A man of mass 70 kg is in free fall in the air. He reaches a terminal speed of about v_term = 54 m/s. (Note that v_term >> v_crit and we are in the pressure dominated regime where F_fric is directly propotional to v^2 ; we have g = 9.8 m/s )
What is the force (in N) due to air-drag on the man?
at a constant speed, there is no acceleration, so no net force. The upward force = weight = 9.8*70
First calculate C_2 = (mg / (v^2 * r^2) where r is unknown, then calculate F = C_2 * r^2 * v^2
I presume this question is from Walter Lewin's Physics course
To find the force due to air drag on the man, we need to use the formula for air drag force. The air drag force can be described using the equation:
F_drag = 1/2 * rho * A * C * v^2
where F_drag is the air drag force, rho is the density of air, A is the cross-sectional area of the object, C is the drag coefficient, and v is the velocity of the object.

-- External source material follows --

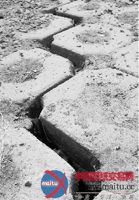 小区地面呈现多处裂痕,施工方称这属正常征象,不会对房子产生影响。
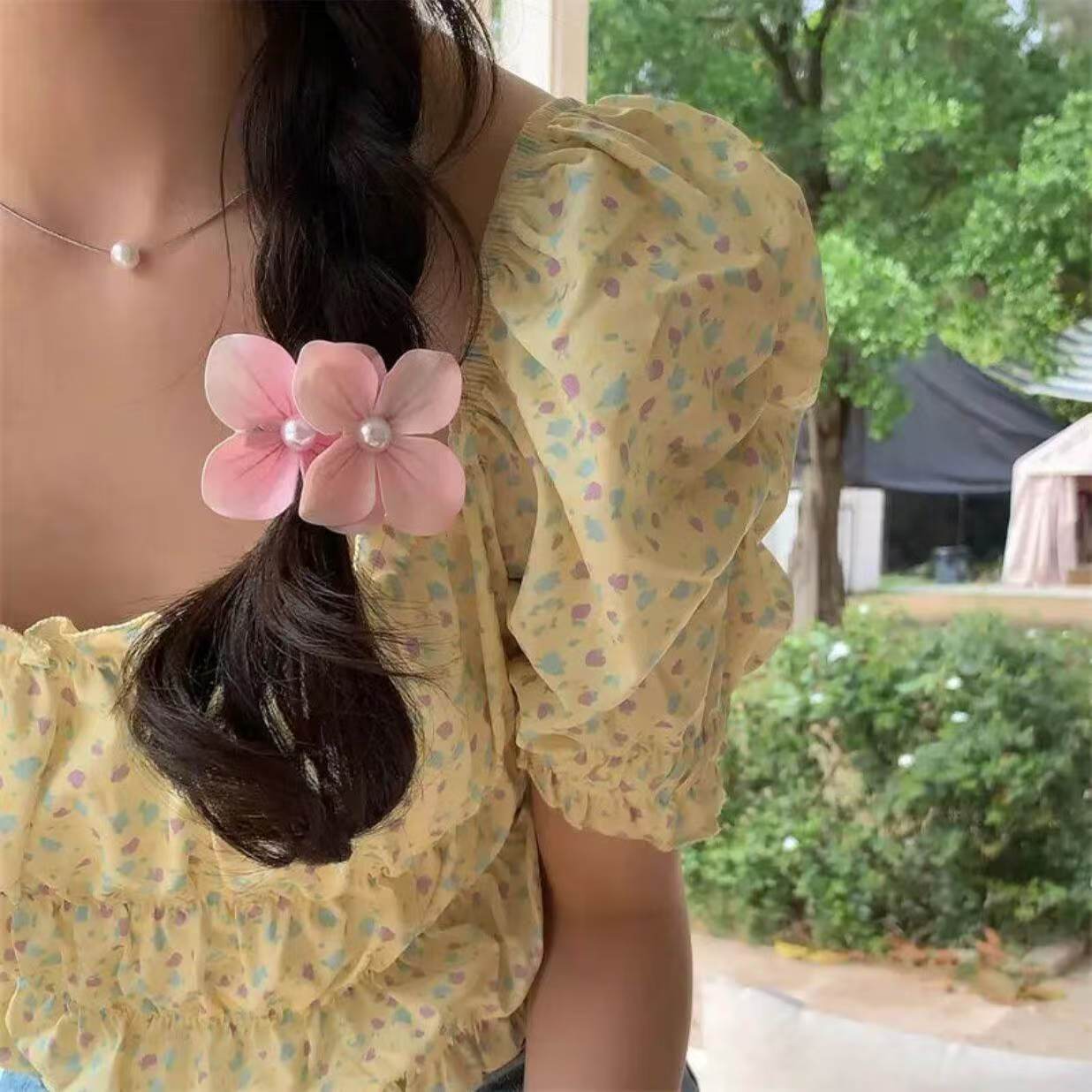 • 플루메리아 진주 머리끈

In this case, the drag coefficient and cross-sectional area are not provided, and we are assuming that rho is constant. Therefore, we need to approximate the drag force using the terminal velocity.
At terminal velocity, the air drag force is equal to the gravitational force acting on the object, resulting in no net acceleration. So we have:
F_drag = F_gravity
The gravitational force can be calculated using the formula:
F_gravity = m * g
where m is the mass of the object and g is the acceleration due to gravity.
Given that the mass of the man is 70 kg and g is approximately 9.8 m/s², we can calculate the force due to air drag.
F_drag = F_gravity = m * g = 70 kg * 9.8 m/s² = 686 N
Therefore, the force due to air drag on the man is approximately 686 Newtons.